El que definiera a Juan Luis Galiardo como "tsunami humano", se convirtió la semana pasada en el protagonista de una polémica que demuestra en qué clase de país vivimos. Junto a él, Pau Riba: cantautor rockero con años de trayectoria, hippie confeso y trasnochado visible al que algunos recuerdan anunciando Bankinter y que defiende el 'paz y amor' con camisas de Desigual y timando a los teatros mallorquines, como bien cuenta M. Elena Vallés.

"Esto es rock 'n' roll y no esas mariconadas de Antònia Font y Manel...", fue la frase con la que Roman firmó su sentencia de vapuleo. Mientras unos periódicos se muestran cansados de su tendencia al chiste fácil y a su vocabulario más propio de salir de copas que de teatro público, la bola no hacía más que crecer. Él abre mucho los ojos, encoge los hombros y alucina. "Yo no entiendo nada, es todo una comedia. Luego veo a los medios de comunicación que no hacen más que hacerse eco de las tonterías de los políticos. Pero bueno, que ejerzan su cuarto poder, que den caña", dice.

Para cuando los medios se cansaron de magnificar lo ocurrido, Ben Amics -asociación de Gays, Lesbianas, Transexuales y Bisexuales- pidió a través de un comunicado que se retractara de las "manifestaciones homófobas lanzadas". Sí, amigos. Por 'homófoba' la asociación entiende el uso de la palabra "mariconada" para definir una corriente musical. Y no sólo se quedó ahí. Ben Amics aseguraba que se trata de "manifestaciones totalmente inconstitucionales, y más en un Estado que reconoce los derechos de las personas LGTB". 

A alguien se le ha ido, sin duda, la cabeza. Más incluso que al propio Guillem Roman. Sus ojos son platos de vajilla impoluta de Ikea. "Lo políticamente correcto está de moda", decían el otro día los actores de La Impaciència. Debería existir una expresión opuesta al 'no hay más sordo que el que no quiere oír' que hablara sobre los que se dan constantemente por aludidos sin motivo. Sólo faltó que si el director hubiera utilizado un "tontitos" en lugar de "mariconadas" las protestas llegaran de las asociaciones de afectados por síndrome de Down.

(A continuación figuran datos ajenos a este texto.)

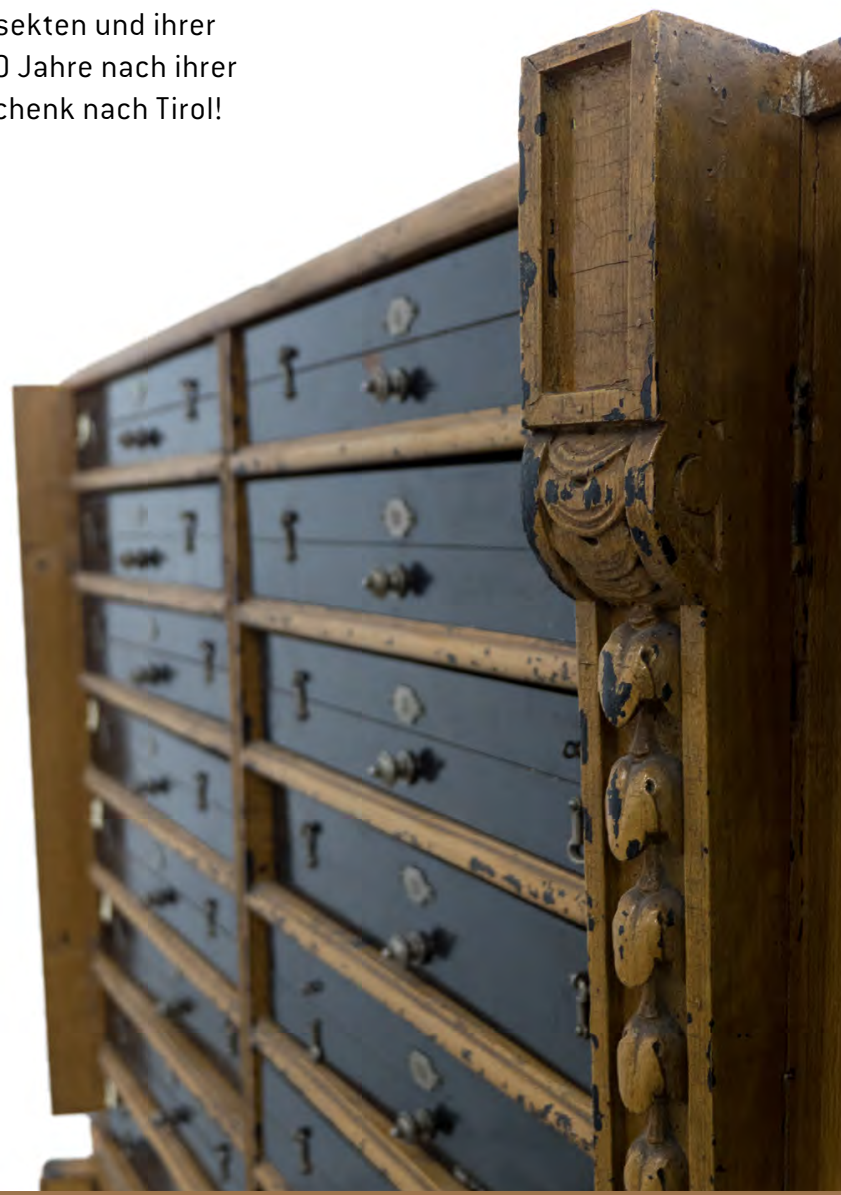
Die 1873 auf der Weltausstellung in Wien präsentierte Sammlung Wachtl umfasst 128 Ladenschränke.

El pecado de Guillem Roman fue, además, otro. Ya lo apuntaba Ben Amics: "un menosprecio hacia el trabajo de un grupo musical más que consolidado". El hombre de cuentas se había ido a meter con uno de los mayores iconos de la mallorquinidad, de esa extraña Isla que intenta labrarse un nombre a través del de otros a los que, como Daniel Monzón o Agustí Villaronga, utiliza como pañuelo de usar y tirar. Que nos cueste una fortuna digna de revisión por Hacienda las promociones que Rafa Nadal hace de "sus Islas" es algo que, por mucha ópera infantil que dirija su abuelo, no me entra en la cabeza.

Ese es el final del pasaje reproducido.